### WHAT NEEDS TO BE DONE
Stop after the line that contains "Здоровьесберегающие образовательные технологии". Until then, retype each line of the entries exactly from the first one, skipping pictures.

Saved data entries
....................

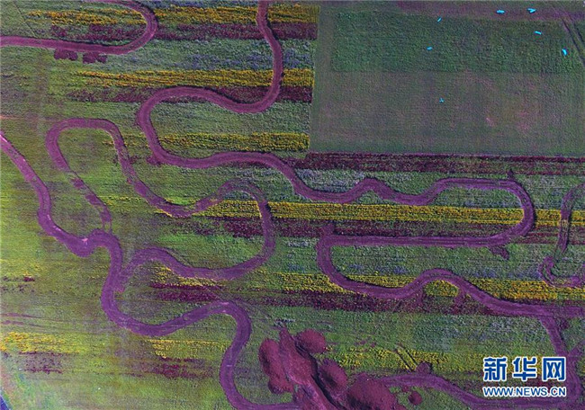云南羅平的七彩花田(9月5日無人機(jī)拍攝)。 新華社記者楊宗友攝
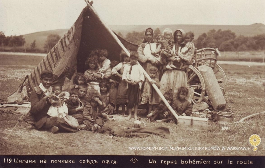 Odpoczynek Cyganów, w drodze, Циганин на почивка cpѣдЪ пътя, Un repos bohémien sur route, Nr 119, edit. Gr. Paskoff-Sofia (Bulgaria), obieg 1929
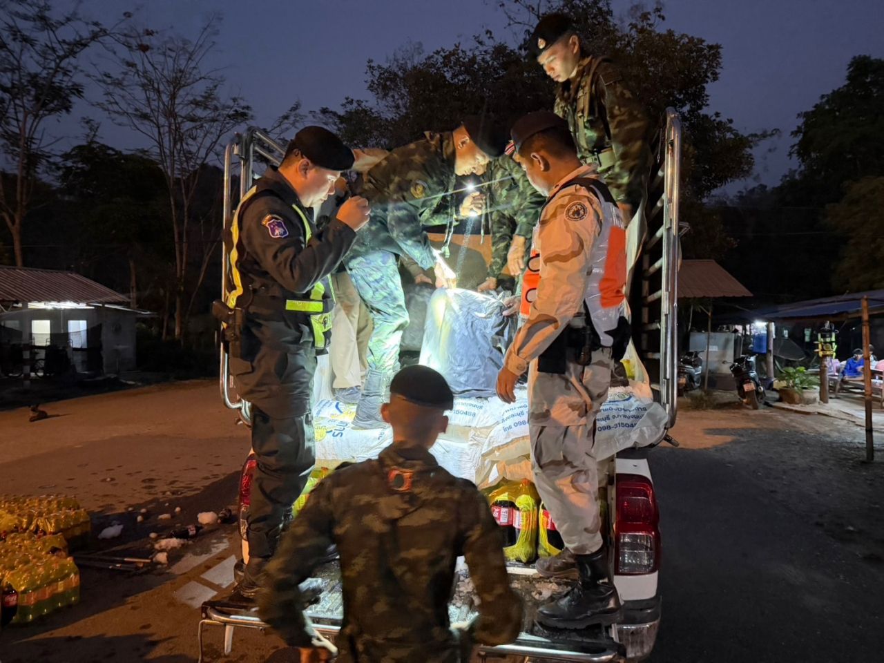 เมื่อเวลา 19.00 น.วันที่ 4 เมษายน 2569 พลตรี ณัฏฐพงศ์ อัศวินวงศ์ ผู้บัญชาการกองพลทหารราบที่ 9 ในฐานะ ผู้บัญชาการกองกำลังสุรสีห์ บูรณาการร่วมกับ นางสาววริษฐา สงวนเสริมศรี ผู้ว่าราชการจังหวัดกาญจนบุรี พล.ต.ต.พศวีร์ เรืองภู่ ผบก.ภ.จว.กาญจนบุรี ได้รับแจ้งจากแหล่งข่าวว่า มีขบวนการลักลอบขนลำเลียงน้ำมันเชื้อเพลิงโดยซุกซ่อนไปกับสินค้าที่จะนำส่งออกไปประเทศเพื่อนบ้าน
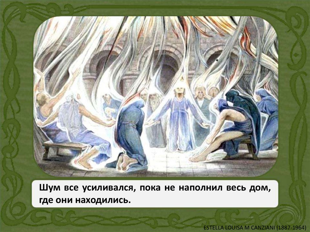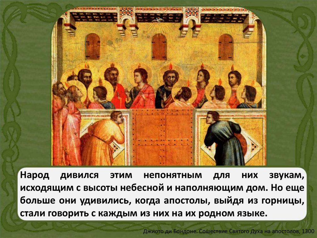Народ дивился этим непонятным для них звукам,исходящим с высоты небесной и наполняющим дом. Но еще
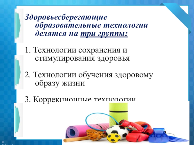 Здоровьесберегающие образовательные технологии делятся на три группы:1. Технологии сохранения и стимулирования здоровья2. Технологии обучения здоровому образу жизни3.
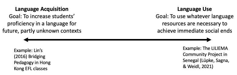This brings us back to what we should be studying: translingualism in a host of different educational contexts, with a host of different populations, as García and Otheguy argue for, and with a critical orientation. Towards one end of the cline, we harness the whole language repertoire to promote language acquisition, sometimes for unclear future ends (Rainbow Diagram); towards the other end, we use the whole language repertoire for immediate community needs (example of LILIEMA). Thus, we must combine pedagogy based on needs analysis, a translanguaging stance (and design, and shifts), and a plurilingual epistemology to figure out what must be done to develop critical pragmatism in any educational context.

....................

### TASK ANSWER
云南羅平的七彩花田(9月5日無人機(jī)拍攝)。 新華社記者楊宗友攝
 Odpoczynek Cyganów, w drodze, Циганин на почивка cpѣдЪ пътя, Un repos bohémien sur route, Nr 119, edit. Gr. Paskoff-Sofia (Bulgaria), obieg 1929
 เมื่อเวลา 19.00 น.วันที่ 4 เมษายน 2569 พลตรี ณัฏฐพงศ์ อัศวินวงศ์ ผู้บัญชาการกองพลทหารราบที่ 9 ในฐานะ ผู้บัญชาการกองกำลังสุรสีห์ บูรณาการร่วมกับ นางสาววริษฐา สงวนเสริมศรี ผู้ว่าราชการจังหวัดกาญจนบุรี พล.ต.ต.พศวีร์ เรืองภู่ ผบก.ภ.จว.กาญจนบุรี ได้รับแจ้งจากแหล่งข่าวว่า มีขบวนการลักลอบขนลำเลียงน้ำมันเชื้อเพลิงโดยซุกซ่อนไปกับสินค้าที่จะนำส่งออกไปประเทศเพื่อนบ้าน
Народ дивился этим непонятным для них звукам,исходящим с высоты небесной и наполняющим дом. Но еще
 Здоровьесберегающие образовательные технологии делятся на три группы:1. Технологии сохранения и стимулирования здоровья2. Технологии обучения здоровому образу жизни3.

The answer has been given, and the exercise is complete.